Na wspomnianej wyżej mapie znalazłem nieopodal toru miejsce oznaczone KD Schanze. KD oznacza Kulturgeschichtliche Denkmal, co można tłumaczyć jako pomnik historii. Schanze to szaniec, okop. Nie wiem, czego można się po takim oznaczeniu i co za tym idzie po tym miejscu spodziewać i przede wszystkim, co zachowało się w tym miejscu do dziś. Namawiam jednak kolegów na wypad w las. Mapa, mimo iż chwilami prowadzi nas ledwo rozpoznawalnymi, od lat nieużywanymi drogami, robi to bezbłędnie i po kilkunastu minutach jesteśmy na miejscu. Miejsce oznaczone KD Schanze okazuje się być miejscem jakiejś bitwy. Trudno znaleźć jakieś konkretne informacje na ten temat. Niewykluczone, że chodzi o mającą tu prawdopodobnie miejsce potyczkę Rosjan i Francuzów z lutego 1807 roku. Dziś można odnaleźć wyraźne długie okopy ciągnące się łukiem przez śródleśną polankę i znikające w gęstym lesie.


W drodze do KD Schanze.



KD Schanze.



Po drodze do następnej na trasie stacji mijamy jeszcze dwa wiadukty. Jeden z nich oglądamy dość dokładnie.


Wiadukt.



Wiadukt.



Zbliżamy się do wsi Wolnica. Strzałka na szlaku sugeruje, że można zeń zjechać do odległej o 0,82 kilometra wsi. Cóż za precyzja. Oczywiście zjeżdżamy. Po drodze zaskakuje nas widok kilku wanien na pastwisku. Wyprzedaż jakaś, czy co? Widziałem już nie raz, że wanna jest świetnym korytem dla bydła, ale taka ilość, pierwszy raz.


Warmiński Salon Łazienek.



We wsi nie ma sklepu, ale jest do obejrzenia kaplica pw. św. Michała Archanioła oraz dobrze zachowany budynek dawnej stacji kolejowej.


Wolnica. Kaplica pw. św. Michała Archanioła.



Wolnica [Freimarkt]. Budynek stacji kolejowej.



Jedziemy do Łaniewa szlakiem biegnącym to po starotorzu, to gdzieś bokami. W Łaniewie jest sklep i jest otwarty.
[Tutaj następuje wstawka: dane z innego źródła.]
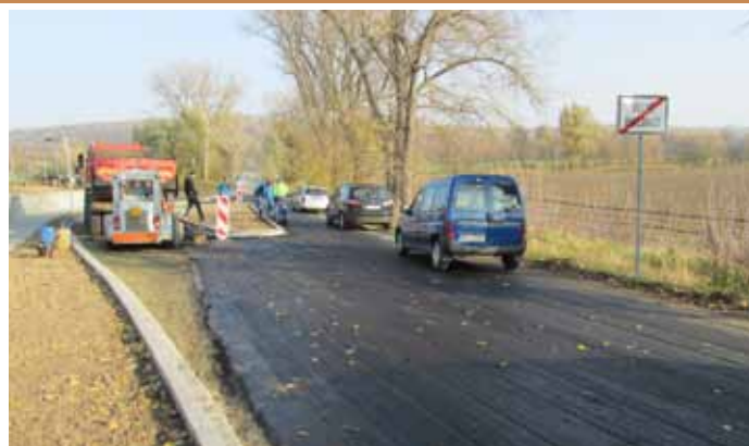
Budování zpomalovacího vjezdového ostrůvku v ulici Pod Břehy

Zatrzymujemy się...


...na Skwerku Wiejskim...



...po czym obejrzawszy dawny budynek stacji kolejowej...


Łaniewo [Launau]. Stacja kolejowa.



...kończymy przygodę z kolejową ścieżką rowerową przejazdem wzdłuż doliny Łyny - najdłuższej rzeki Warmii i Mazur. Mijamy Długołękę i zbliżamy się do Lidzbarka Warmińskiego.


Lidzbark Warmiński. Koniec ścieżki, bo, jak wiadomo, każda ścieżka ma dwa końce.
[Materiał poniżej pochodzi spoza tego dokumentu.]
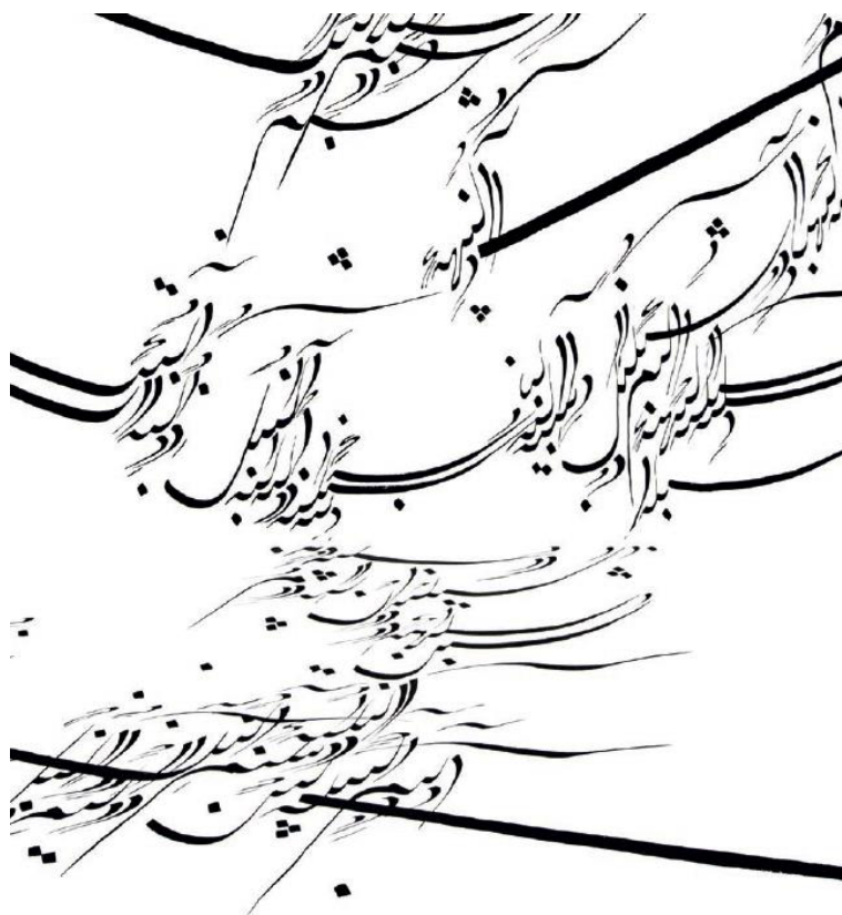
Parastou Forouhar, Written Room (Detail), Craft Contemporary Museum, LA, 2024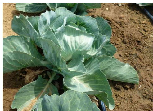
Irrigation au goutte à goutte - Photo CA30

Prophylaxie : Maintenir les parcelles et les abords aussi propres que possibles sur l'ensemble de la rotation.

W Lidzbarku Warmińskim oglądamy:


Oranżerię Krasickiego.



Kościół pw. św. Piotra i Pawła.



Cerkiew prawosławną pw. św. Piotra i Pawła.



Mury miejskie.



Zamek.



Cmentarz wojenny.



Dworzec i wieżę ciśnień.



Powrót do Ornety [wbrew planom dość szybki] realizujemy krajową 513-tką. Zatrzymujemy się tylko w Ignalinie.
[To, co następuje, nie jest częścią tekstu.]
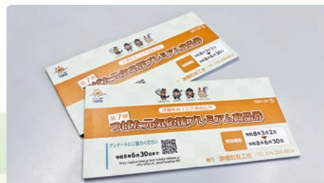
プレミアム率100%で家計を補助「プレミアム商品券」

Ignalin. Kościół pw. św. Jana Ewangelisty.



Za osadą Bludyny skręcamy z 513-tki w prawo, by najpierw gruntową drogą, potem asfaltem przez osiedle domków jednorodzinnych oraz mostek na Drwęcy Warmińskiej dotrzeć do Krosna. W samą porę. Światło jeszcze jest i jest piękne.


Krosno. Sanktuarium Matki Boskiej.



Krosno. Sanktuarium Matki Boskiej.



Niechętnie opuszczamy Krosno. Żegna nas patron wędrowców.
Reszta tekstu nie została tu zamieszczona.